**Provided material:**
• • • • •
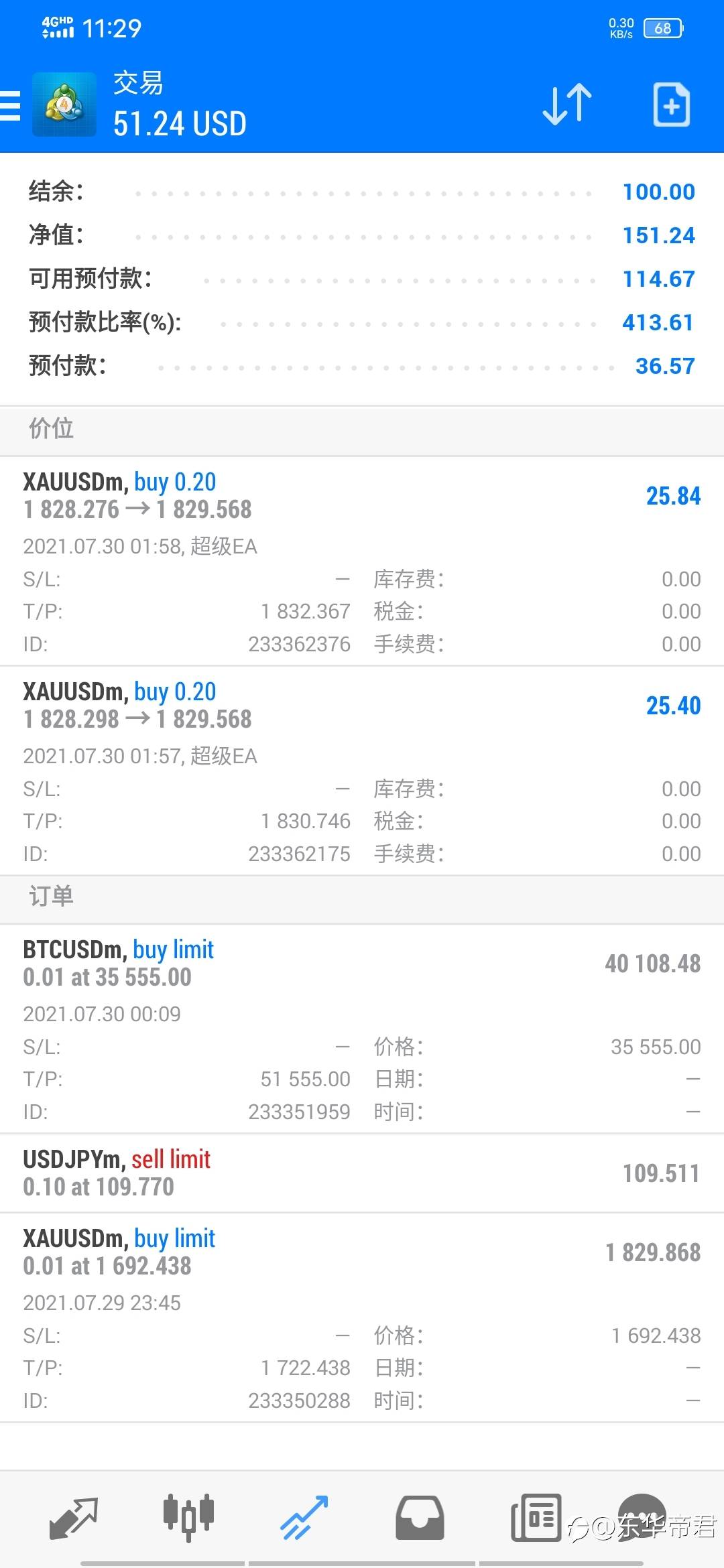 EA不能看,之前测试都无法无天了,这个又要被你们一顿狂暴。实盘是100$好几天才反一倍(风控必须在90%以上)。这个比特币手续费和浮动点差高,不好把控。 风险提示:本文所述仅代表作者个人观点,不代表 Followme 的官方立场。Followme 不对内容的准确性、完整性或可靠性作出任何保证,对于基于该内容所采取的任何行为,不承担任何责任,除非另有书面明确说明。
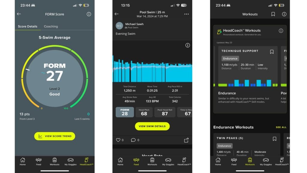 First up is HeadCoach – a series of personalized workouts that can be followed on the goggles in real-time to help you work on elements like swimming technique, power, and building your endurance in the water.
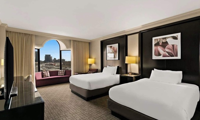 If you are looking for a waterfront stay in the heart of Baltimore, this hotel is the perfect choice for you. You will be minutes away from top attractions like the National Aquarium, the Maryland Science Center, and Oriole Park at Camden Yards. You can also enjoy the famous crab cakes on the waterfront or shop at Harbor Place. You will love the spacious, elegant rooms with a flat-screen TV and plush bed. You will also have access to a range of amenities, such as an indoor pool, a fitness center, and a lobby café that serves breakfast and lunch items to go. On Wednesday - Saturday evenings, you can dine at Explorers, an American Gastropub that offers appetizers and cocktails. This hotel is an award-winning property that has received the AAA Four Diamond Award and TripAdvisor's 2021 Certificate of Excellence. You will be impressed by this hotel's refinement, charm, and laid-back style. Experience the best of Baltimore from this luxurious waterfront hotel.
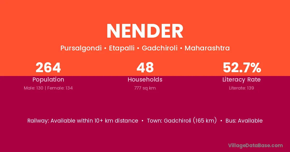 Gadchiroli (165 km) is the nearest town to Nender village for major economic activities and is located approximately 165 km away.
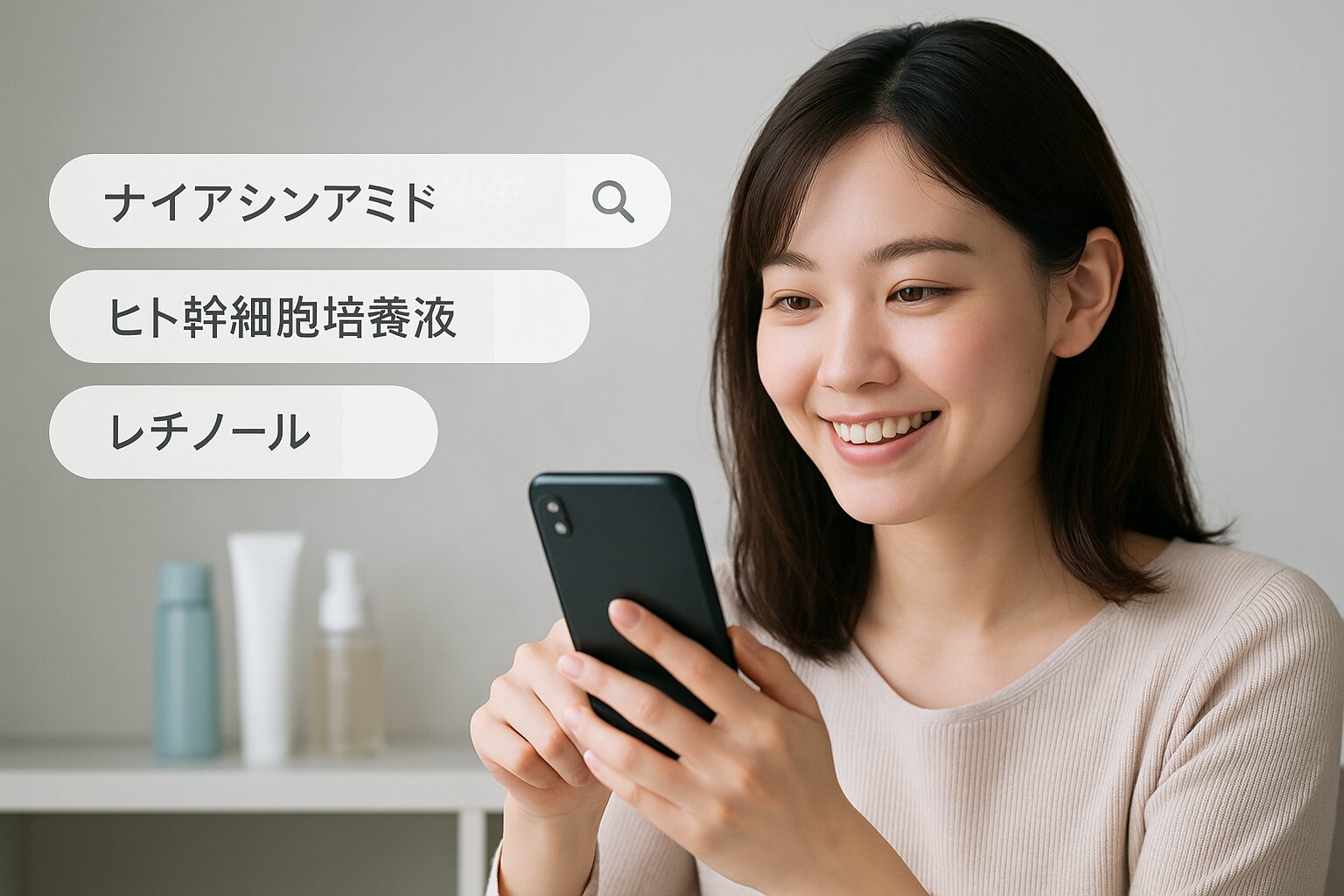 なかでも美容成分に関する認知レベルが顕著です。5年ぐらい前まではヒアルロン酸やコラーゲン、セラミドなどよく聞く有名な成分名は挙がっていました。しかし今日ではレチノールやアスタキサンチン、フラーレン、ナイアシンアミド、ヒト幹細胞培養液といった成分名が当たり前のようにお客さまの会話の中に飛び交っており、しばしばこちら側が圧倒されてしまうようなこともあります。
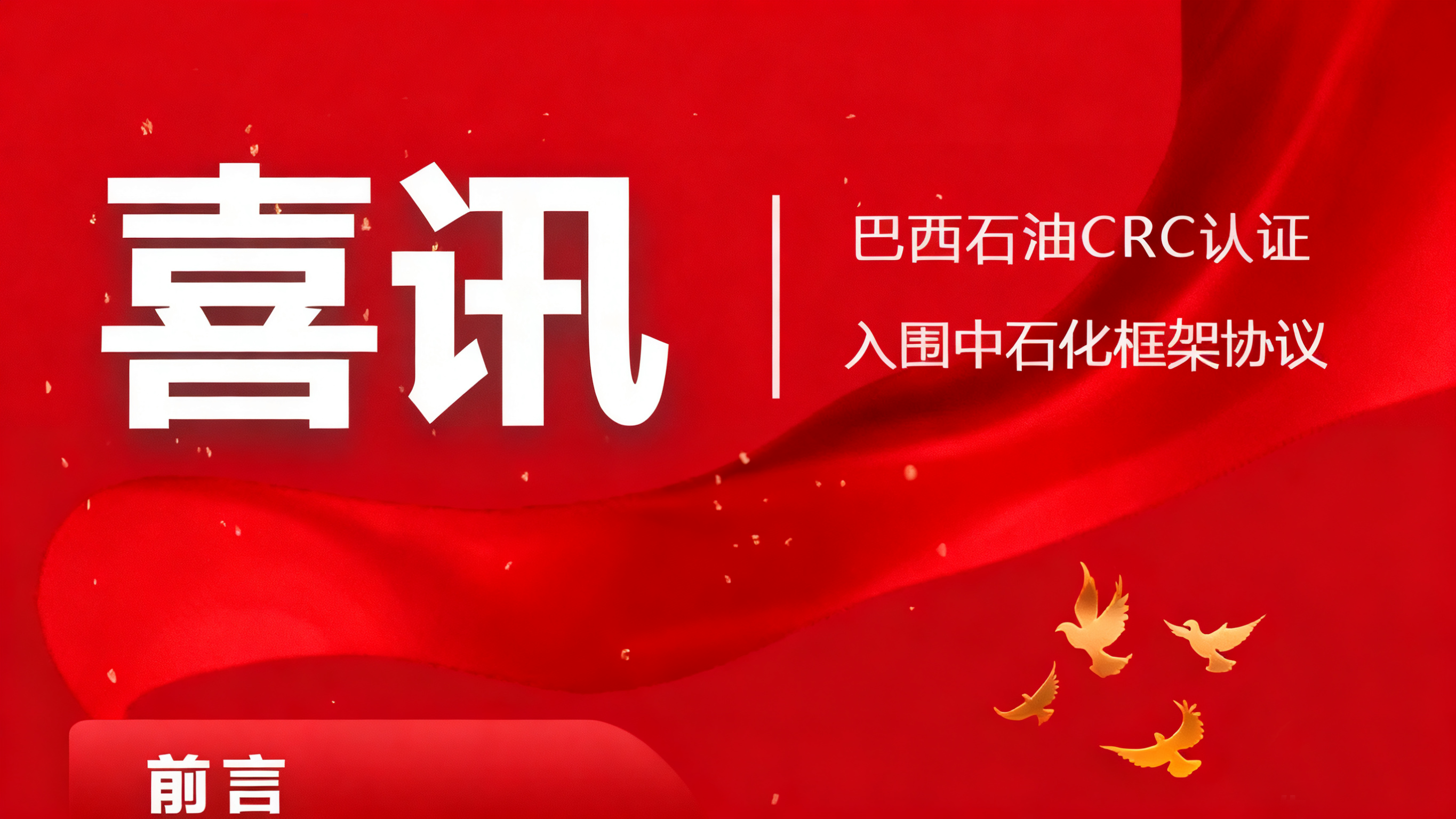 威海化工機(jī)械有限公司近日接連斬獲國(guó)際國(guó)內(nèi)兩大高端市場(chǎng)入場(chǎng)券:成功通過(guò)巴西CRC認(rèn)證,正式進(jìn)入巴西石油供應(yīng)商體系;同時(shí)入圍…
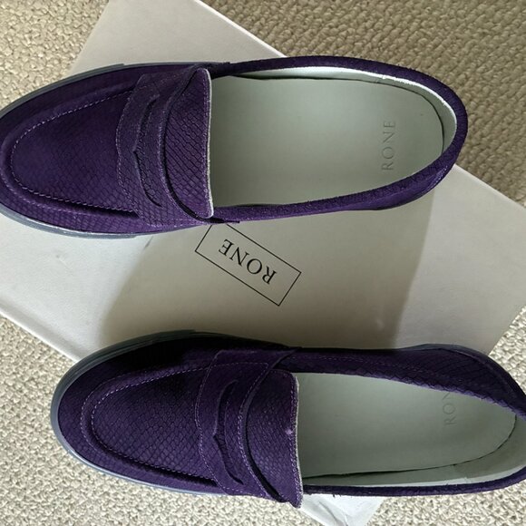 NEW in box. RONE Thirty-six Men's Loafers. Sz 11. Purple colour. Hand sewn python embossed suede upper. Calf footbed and liner. Handmade clear vulcanized construction. Clear rubber outsole. Check out the RONE website. Original price = $211. Check RONE website for more photos, details. https://www.ronebrand.com/products/thirty-six-purple?_pos=2&_sid=bd1969848&_ss=r&variant=32565299413080
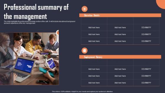The slide highlights the professional summary section of the cafe. It will include educational background and work experience of the key management. If your project calls for a presentation, then Slidegeeks is your go-to partner because we have professionally designed, easy-to-edit templates that are perfect for any presentation. After downloading, you can easily edit Professional Summary Of The Management Building An Insurance Company Icons Pdf and make the changes accordingly. You can rearrange slides or fill them with different images. Check out all the handy templates The slide highlights the professional summary section of the cafe. It will include educational background and work experience of the key management.
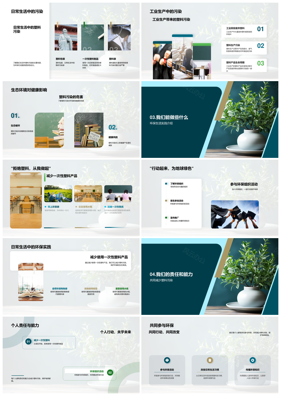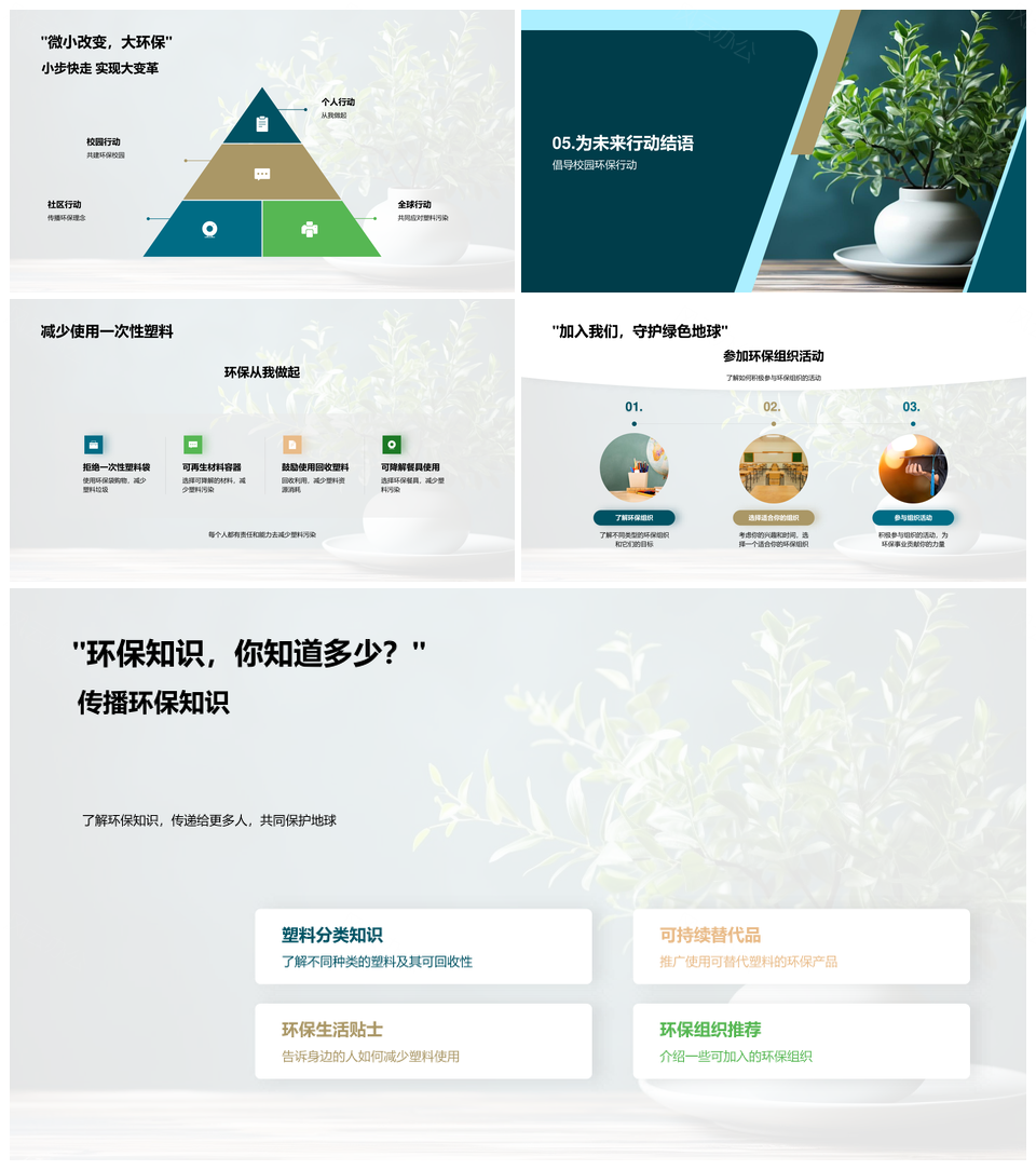 这是一张应对塑料污染推进环保生活教育减塑行动PPT模板,包含应对、塑料污染、推进、环保生活教育、减塑行动等主题内容,也可用作应对塑料污染推进、塑料污染推进环保、污染推进环保生活、推进环保生活教育、环保生活教育减塑、生活教育减塑行动、应对塑料污染、塑料污染推进、污染推进环保、推进环保生活、环保生活教育、生活教育减塑、教育减塑行动、应对塑料、塑料污染、污染推进、推进环保、环保生活、生活教育、教育减塑、减塑行动等PPT场景使用。 风云办公提供的应对塑料污染推进环保生活教育减塑行动PPT模板,下载格式为pptx,一共23页,作品中文字及图均可以修改和编辑,图片更改请在作品中右键图片并更换,文字修改请直接点击文字进行修改。
• • • • •
**Action item:**
Leave the pictures out and copy the rest of the data exactly.

**Task response:**
 EA不能看,之前测试都无法无天了,这个又要被你们一顿狂暴。实盘是100$好几天才反一倍(风控必须在90%以上)。这个比特币手续费和浮动点差高,不好把控。 风险提示:本文所述仅代表作者个人观点,不代表 Followme 的官方立场。Followme 不对内容的准确性、完整性或可靠性作出任何保证,对于基于该内容所采取的任何行为,不承担任何责任,除非另有书面明确说明。
 First up is HeadCoach – a series of personalized workouts that can be followed on the goggles in real-time to help you work on elements like swimming technique, power, and building your endurance in the water.
 If you are looking for a waterfront stay in the heart of Baltimore, this hotel is the perfect choice for you. You will be minutes away from top attractions like the National Aquarium, the Maryland Science Center, and Oriole Park at Camden Yards. You can also enjoy the famous crab cakes on the waterfront or shop at Harbor Place. You will love the spacious, elegant rooms with a flat-screen TV and plush bed. You will also have access to a range of amenities, such as an indoor pool, a fitness center, and a lobby café that serves breakfast and lunch items to go. On Wednesday - Saturday evenings, you can dine at Explorers, an American Gastropub that offers appetizers and cocktails. This hotel is an award-winning property that has received the AAA Four Diamond Award and TripAdvisor's 2021 Certificate of Excellence. You will be impressed by this hotel's refinement, charm, and laid-back style. Experience the best of Baltimore from this luxurious waterfront hotel.
 Gadchiroli (165 km) is the nearest town to Nender village for major economic activities and is located approximately 165 km away.
 なかでも美容成分に関する認知レベルが顕著です。5年ぐらい前まではヒアルロン酸やコラーゲン、セラミドなどよく聞く有名な成分名は挙がっていました。しかし今日ではレチノールやアスタキサンチン、フラーレン、ナイアシンアミド、ヒト幹細胞培養液といった成分名が当たり前のようにお客さまの会話の中に飛び交っており、しばしばこちら側が圧倒されてしまうようなこともあります。
 威海化工機(jī)械有限公司近日接連斬獲國(guó)際國(guó)內(nèi)兩大高端市場(chǎng)入場(chǎng)券:成功通過(guò)巴西CRC認(rèn)證,正式進(jìn)入巴西石油供應(yīng)商體系;同時(shí)入圍…
 NEW in box. RONE Thirty-six Men's Loafers. Sz 11. Purple colour. Hand sewn python embossed suede upper. Calf footbed and liner. Handmade clear vulcanized construction. Clear rubber outsole. Check out the RONE website. Original price = $211. Check RONE website for more photos, details. https://www.ronebrand.com/products/thirty-six-purple?_pos=2&_sid=bd1969848&_ss=r&variant=32565299413080
The slide highlights the professional summary section of the cafe. It will include educational background and work experience of the key management. If your project calls for a presentation, then Slidegeeks is your go-to partner because we have professionally designed, easy-to-edit templates that are perfect for any presentation. After downloading, you can easily edit Professional Summary Of The Management Building An Insurance Company Icons Pdf and make the changes accordingly. You can rearrange slides or fill them with different images. Check out all the handy templates The slide highlights the professional summary section of the cafe. It will include educational background and work experience of the key management.
 这是一张应对塑料污染推进环保生活教育减塑行动PPT模板,包含应对、塑料污染、推进、环保生活教育、减塑行动等主题内容,也可用作应对塑料污染推进、塑料污染推进环保、污染推进环保生活、推进环保生活教育、环保生活教育减塑、生活教育减塑行动、应对塑料污染、塑料污染推进、污染推进环保、推进环保生活、环保生活教育、生活教育减塑、教育减塑行动、应对塑料、塑料污染、污染推进、推进环保、环保生活、生活教育、教育减塑、减塑行动等PPT场景使用。 风云办公提供的应对塑料污染推进环保生活教育减塑行动PPT模板,下载格式为pptx,一共23页,作品中文字及图均可以修改和编辑,图片更改请在作品中右键图片并更换,文字修改请直接点击文字进行修改。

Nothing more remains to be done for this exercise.